Award-winning filmmaker Mohamed Ben Attia discusses ‘Behind the Mountains’ set to screen at RSIFF

Award-winning filmmaker Mohamed Ben Attia discusses ‘Behind the Mountains’ set to screen at RSIFF
Mohamed Ben Attia in Paris in 2016. (Supplied)
Short Url
Updated 02 December 2023
Follow

Award-winning filmmaker Mohamed Ben Attia discusses ‘Behind the Mountains’ set to screen at RSIFF

Award-winning filmmaker Mohamed Ben Attia discusses ‘Behind the Mountains’ set to screen at RSIFF
  • The film heads to Saudi Arabia after screening at the Venice Film Festival this year
  • The director has won multiple awards at the Berlin International Film Festival and has been nominated for prizes in Venice and Chicago, among other festivals

DUBAI: Years ago, Tunisian filmmaker Mohamed Ben Attia was struck by an image he couldn’t get out of his head. It was a man running towards a cliff, and when he reached the edge, he started to fly. He knew there was greatness in it — a perfect image of freedom. He felt it could perhaps be the basis for his greatest film. But as he wrote and he wrote, nothing came of it. The emotions felt flat. It wasn’t that the idea wasn’t ready — he wasn’t ready himself.   

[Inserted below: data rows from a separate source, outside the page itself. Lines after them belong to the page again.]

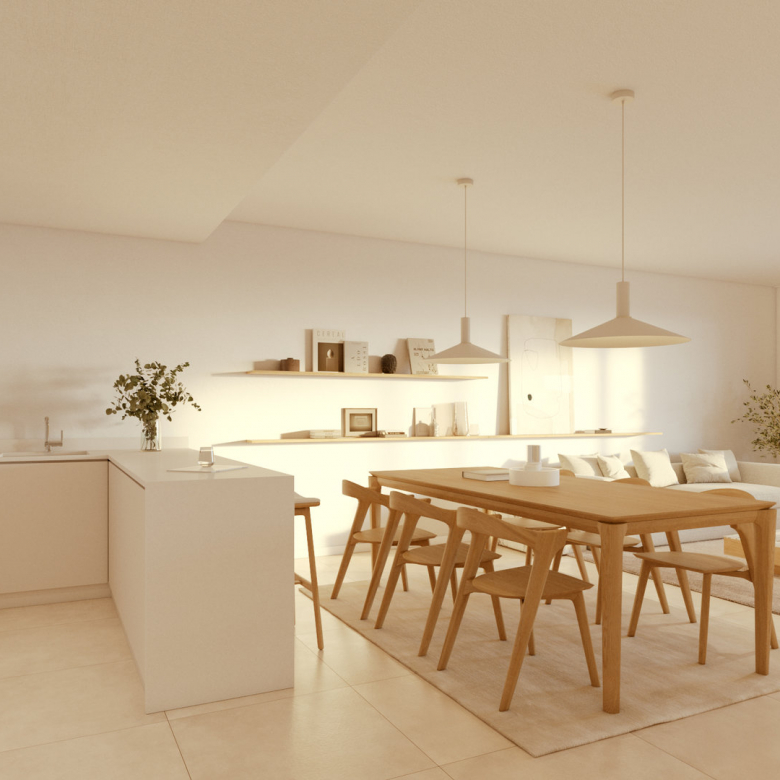 This limited collection of only 18 two- and three-bedroom apartments is distributed across three elegant low-rise buildings, creating an atmosphere of privacy and openness. Each residence has been thoughtfully designed to maximize natural light, privacy, and sea views. The open-plan layout connects kitchen, dining, and living areas, creating a seamless flow that enhances social living and comfort.
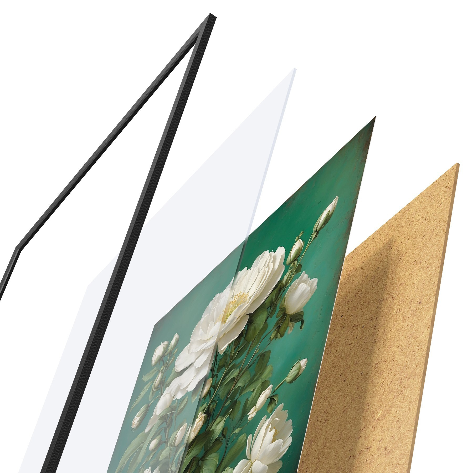 De poster bestaat uit een frame, plexiglas, geprinte afbeelding en spaanplaat achterkant. De poster kan meteen aan de muur worden gehangen dankzij de bevestigingen op de achterkant.
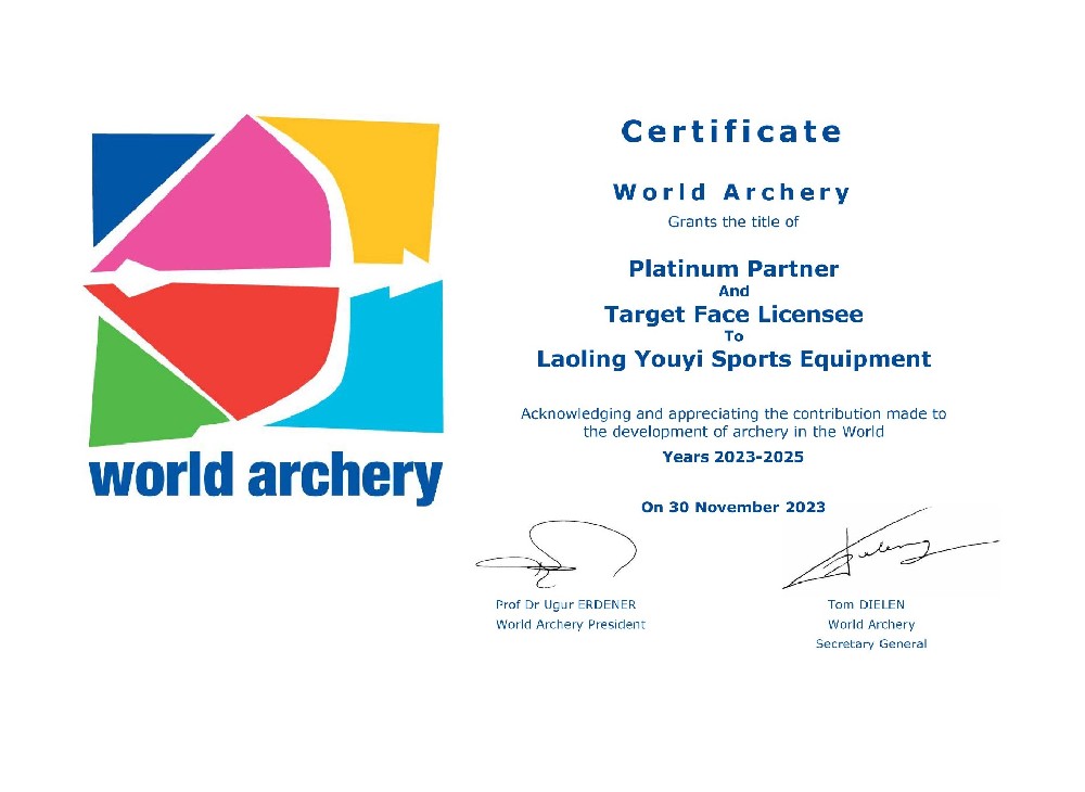 國際射箭聯(lián)合會(huì)-白金合作伙伴、國際射箭聯(lián)合會(huì)認(rèn)證器材、中國射箭協(xié)會(huì)審定器材

“I was maybe 20 years old at the time. I was childish and immature. Everything I wrote made little sense to me,” Ben Attia tells Arab News. “But when I finished my film ‘Hedi’ in 2016, the idea returned. Suddenly this idea of a man flying started appearing in my mind beside my own emotions — the rage I was feeling deep within myself. And then these feelings and that image started to blend.” 

At the start of December, “Behind the Mountains,” the result of that renewed inspiration, will screen in competition at the 2023 Red Sea International Film Festival, after receiving support from the Red Sea Fund while in production. The film made its acclaimed debut at the Venice International Film Festival in September, and as much as Ben Attia put his all into the making of the film, seeing audiences react to such a deeply personal and multifaceted movie can sometimes be painful.  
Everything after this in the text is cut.